The only time I started wanting to finish the Ironman was as my amazing day unfolded in front of me. I will not pretend I was not terrified or felt completely out of my depth as an athlete compared to most other people. I wont say that I was not in a lot of pain too but what overrode it was the trip. The journey of that day in the sea and on my bike and on that long run was just amazing. I actually loved every single second of it. Ironman is a sensory , emotional , physical and mental experience like none other. Everyone is out there driven by something. Everyone is pushing themselves so hard you can feel it and to be part of all that energy even as the lone ranger close to the back is like none other. My coach said to me that Ironman is about you being empowered to see that anything is possible, well she was not wrong.

The only thing is Ironman France has 10km or more belonging to me. As I took off in the plane over the promenade today I looked down on to the marathon route and I said I will be back. Last night I lay with a cold heinekin can in place of ice on my knee as Shu said the ice machine was well and truly cleared out. Suprise suprise! As I lay there I said never ever again, but as every good defeat you wake up the next day feeling stronger.  I replied to one of Helen's emails just before deciding to write my blog before sleep and I thanked her for all of their support. I also said that it had been so inspiring hearing all the team members stories. I told her that I will be going back to Nice in 2013 in exactly the same tri vest  racing for LIVESTRONG and both raising funds and trying to get that last 10km or so for my medal. More than ever now I want to keep racing for LIVESTRONG and more than ever I want to keep racing Ironman. What ever happens in the future Team LIVESTRONG Ironman will keep getting stronger as a team both in Honor of the ultimate athlete and cancer survivor Lance Armstrong and also to keep raising funds for the LIVESTRONG mission to serve the 28 million living with cancer. I have a feeling that there are a lot more potential team LIVESTRONG Ironmen out there!

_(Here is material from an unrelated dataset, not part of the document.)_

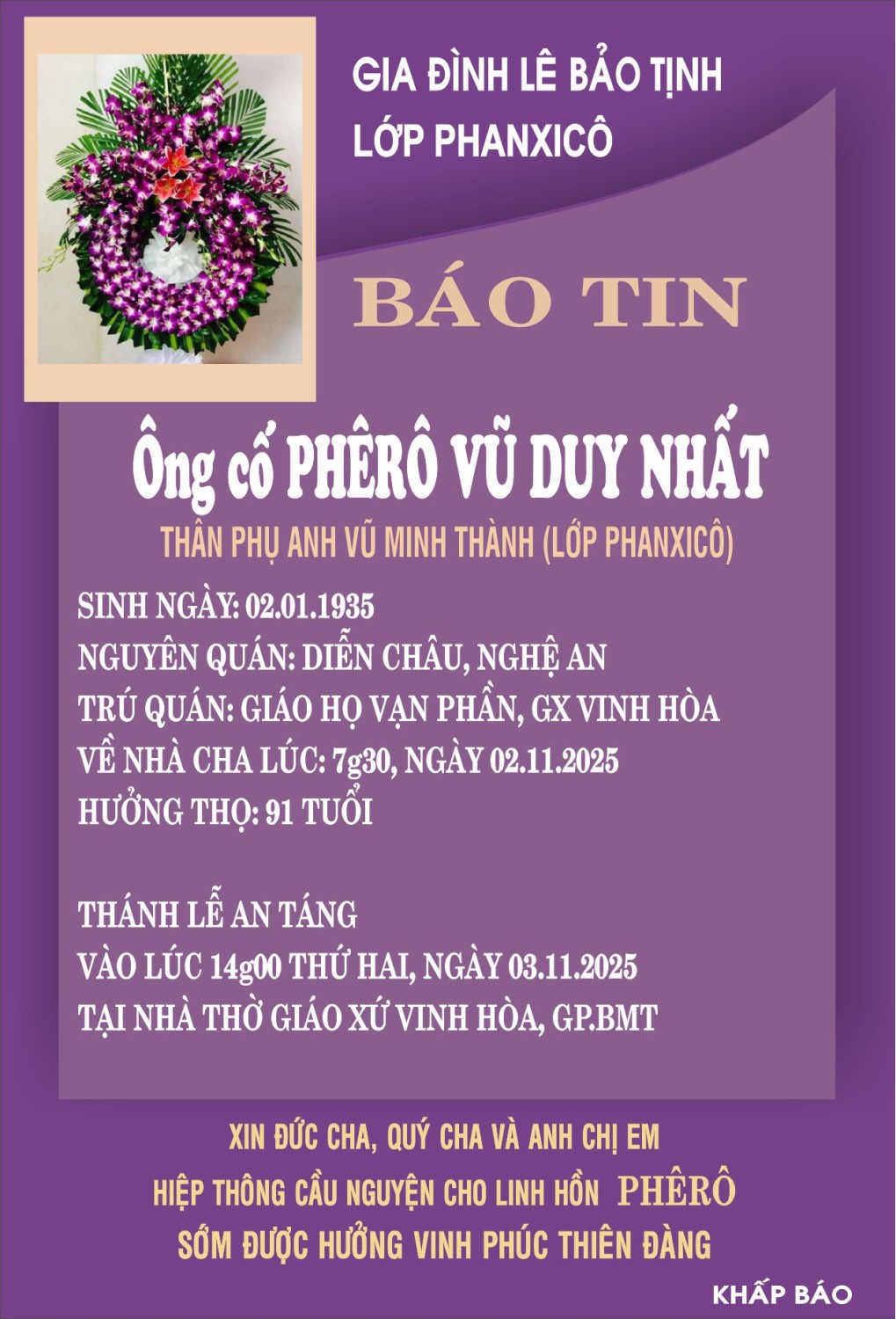 Gia đình Lê Bảo Tịnh xin chia buồn cùng Gia đình anh Vũ Minh Thành, Cha Phêrô Vũ Minh Tuyền (RIP), soeur Têrêsa Vũ Thị Thanh Thùy và tang quyến.

Thank you to every single person who supported me in my dream to be a member of Team LIVESTRONG Ironman and most especially to all my donors. As in the absolute bigger picture we are all out there supporting the 28 million living and fighting cancer every day of their lives.


Thursday, 14 June 2012

I really do not want to race in France with no Lance...



I have felt sick since I heard the news yesterday that the WTC (world Triathlon Corporation) have banned Lance Armstrong from competing in next Sunday’s Iron man France in Nice on June 24th. Due to the allegations that USADA are bringing against Lance the WTC have said that this makes him ineligible to compete in any of their races.
 Whatever the validity or not of  any charges against Lance concerning his past cycling career, what over shadow’s any of that issue is the way in which all of this is being conducted. The timing apart from anything else is appalling. This has been timed to cause as much trouble as possible for Lance, his family and friends who were looking forward to seeing him compete. This will cause upset to his fellow competitors and spectators of the sport, and most importantly his foundation LIVESTRONG and their investment in his Iron man journey with Team LIVESTRONG Iron man. Funds that may I stress where being raised for the fight against Cancer.  To level all this at him one week before Nice, The timing is just nasty. I am sorry but it is.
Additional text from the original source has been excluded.